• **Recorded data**
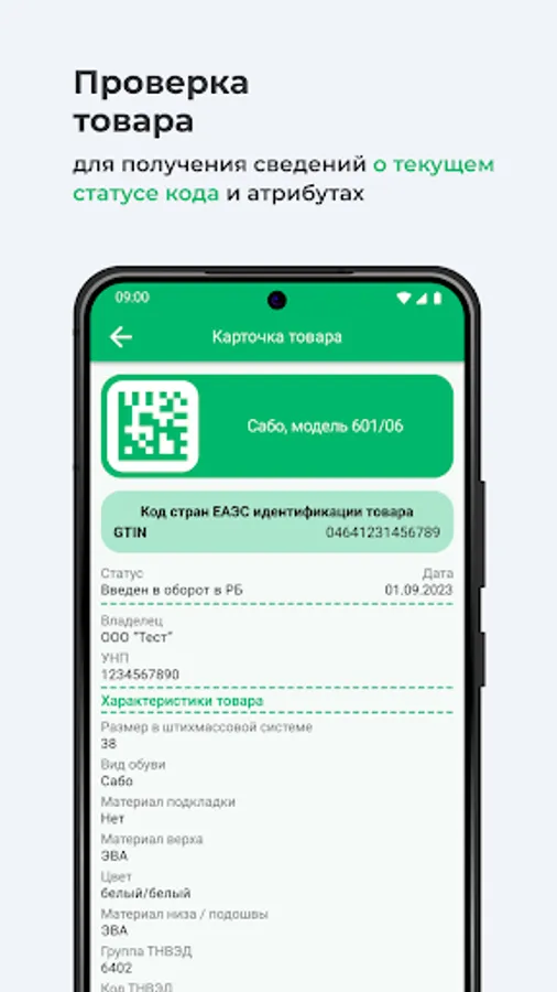 · View the main attributes of the product and the current status of the marking code.
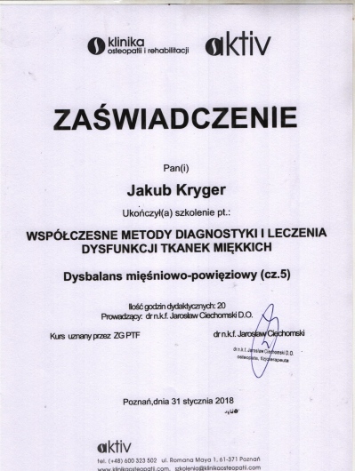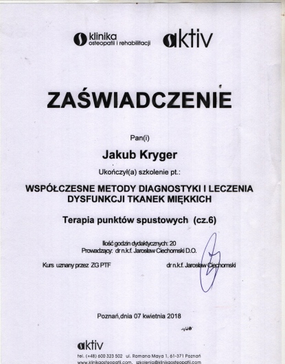 Jaki jest zakres porad oferowanych przez Jakub Kryger?Jakub Kryger to fizjoterapeuta. Na podstawie swojego doświadczenia i wykształcenia Jakub Kryger oferuje usługi takie jak: terapia manualna (kolejna wizyta), konsultacja fizjoterapeutyczna (pierwsza wizyta).
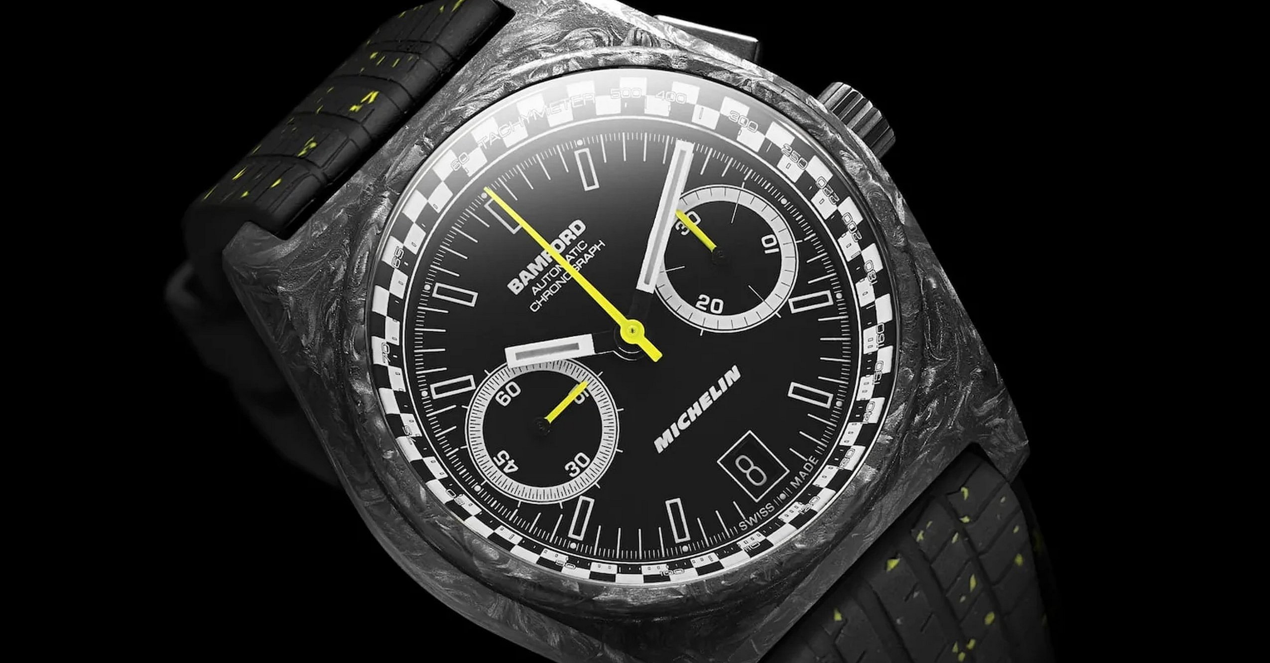 The 41.5mm watch itself, however, features a motorsport-inspired design, with a case crafted from carbon fiber, a checkered flag pattern adorning the bezel, and a black-coated steel caseback with an engraving of the Michelin Man.
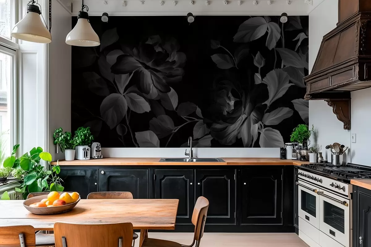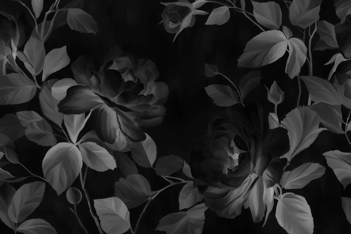 Wall murals black and white picturesque roses in the style of oil painting Nr. w04873v1
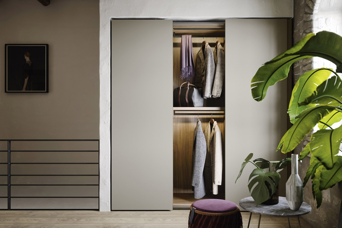 Allison è un armadio NOVAMOBILI moderno componibile ad anta scorrevole caratterizzato da un profilo sottile ed elegante che attraversa le ante scandendone la superficie.
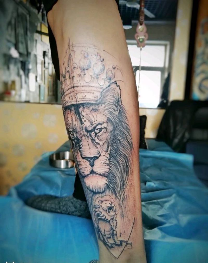 当前位置: 首页 >内蒙古包头市纹身店-包头金甲纹身纹身图案>狮子纹身图片_肩部手臂动物纹身图案
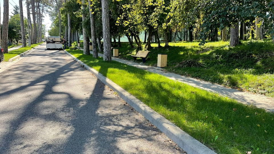 În aceste zile, pe Aleea Pinilor din Parcul Municipal Aiud se montează mobilier urban nou, bănci și coșuri de gunoi.
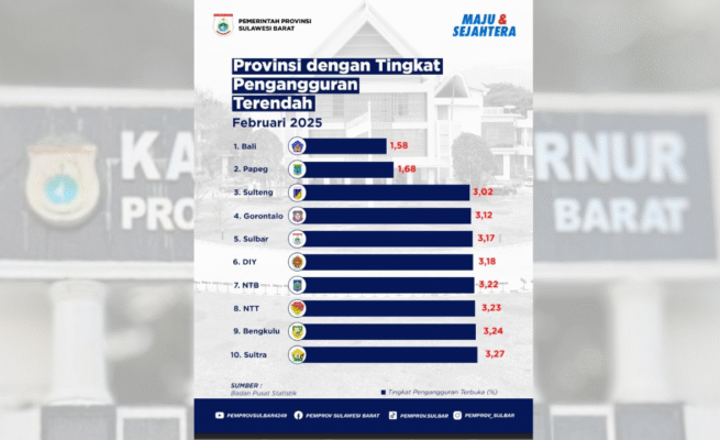 BPS Sulbar Catat Tingkat Pengangguran Terendah ke-5 Nasional
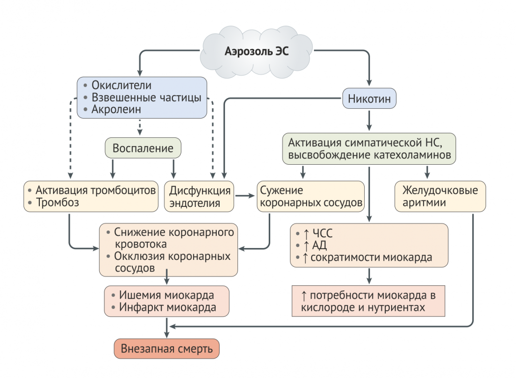 Эпидемиологические исследования рисков ССЗ, связанных с ЭС, трудно проектировать и интерпретировать, так как подавляющее большинство пользователей ЭС являются бывшими или текущими курильщиками сигарет [35]. Курильщиков, которые полностью перешли на ЭС, можно сравнивать с бросившими курение без использования ЭС при прогнозировании риска кардиоваскулярных событий, но людей, использующих только ЭС и находящихся в возрастной группе, для которой характерны наиболее острые сердечно-сосудистые события, довольно мало. Учитывая эти ограничения, любые выводы из текущих исследований ЭС должны быть интерпретированы с осторожностью. Сердечно-сосудистые эффекты, опосредуемые ЭС, по их механизмам потенциальной токсичности описаны ниже. На рис. 3 изображены гипотетические механизмы ЭС-индуцированных сердечно-сосудистых событий.
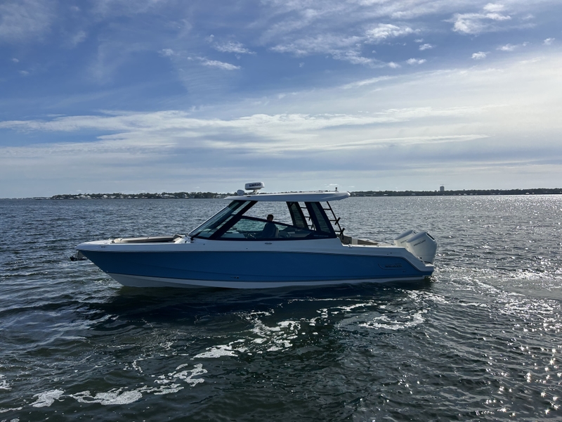 Built on Whaler’s legendary Unsinkable Unibond™ hull, the 330 Vantage is powered by high-performance Dual Mercury Verado Outboards with available Joystick Piloting, ensuring effortless docking and superior handling even in challenging conditions. The expansive deck layout features an award-winning convertible port lounge that adjusts to multiple positions, a spacious bow with plush loungers, and a well-appointed helm with integrated Simrad electronics. Below deck, you’ll find a generous head compartment in the port console and a cozy cabin/settee in the starboard console, making this the perfect 'all-day' boat for the Gulf Coast.

• **What you will do**
Could the entries above be returned verbatim, with no pictures included?

• **Worked solution**
 · View the main attributes of the product and the current status of the marking code.
 Jaki jest zakres porad oferowanych przez Jakub Kryger?Jakub Kryger to fizjoterapeuta. Na podstawie swojego doświadczenia i wykształcenia Jakub Kryger oferuje usługi takie jak: terapia manualna (kolejna wizyta), konsultacja fizjoterapeutyczna (pierwsza wizyta).
 The 41.5mm watch itself, however, features a motorsport-inspired design, with a case crafted from carbon fiber, a checkered flag pattern adorning the bezel, and a black-coated steel caseback with an engraving of the Michelin Man.
 Wall murals black and white picturesque roses in the style of oil painting Nr. w04873v1
 Allison è un armadio NOVAMOBILI moderno componibile ad anta scorrevole caratterizzato da un profilo sottile ed elegante che attraversa le ante scandendone la superficie.
 当前位置: 首页 >内蒙古包头市纹身店-包头金甲纹身纹身图案>狮子纹身图片_肩部手臂动物纹身图案
 În aceste zile, pe Aleea Pinilor din Parcul Municipal Aiud se montează mobilier urban nou, bănci și coșuri de gunoi.
 BPS Sulbar Catat Tingkat Pengangguran Terendah ke-5 Nasional
 Эпидемиологические исследования рисков ССЗ, связанных с ЭС, трудно проектировать и интерпретировать, так как подавляющее большинство пользователей ЭС являются бывшими или текущими курильщиками сигарет [35]. Курильщиков, которые полностью перешли на ЭС, можно сравнивать с бросившими курение без использования ЭС при прогнозировании риска кардиоваскулярных событий, но людей, использующих только ЭС и находящихся в возрастной группе, для которой характерны наиболее острые сердечно-сосудистые события, довольно мало. Учитывая эти ограничения, любые выводы из текущих исследований ЭС должны быть интерпретированы с осторожностью. Сердечно-сосудистые эффекты, опосредуемые ЭС, по их механизмам потенциальной токсичности описаны ниже. На рис. 3 изображены гипотетические механизмы ЭС-индуцированных сердечно-сосудистых событий.
 Built on Whaler’s legendary Unsinkable Unibond™ hull, the 330 Vantage is powered by high-performance Dual Mercury Verado Outboards with available Joystick Piloting, ensuring effortless docking and superior handling even in challenging conditions. The expansive deck layout features an award-winning convertible port lounge that adjusts to multiple positions, a spacious bow with plush loungers, and a well-appointed helm with integrated Simrad electronics. Below deck, you’ll find a generous head compartment in the port console and a cozy cabin/settee in the starboard console, making this the perfect 'all-day' boat for the Gulf Coast.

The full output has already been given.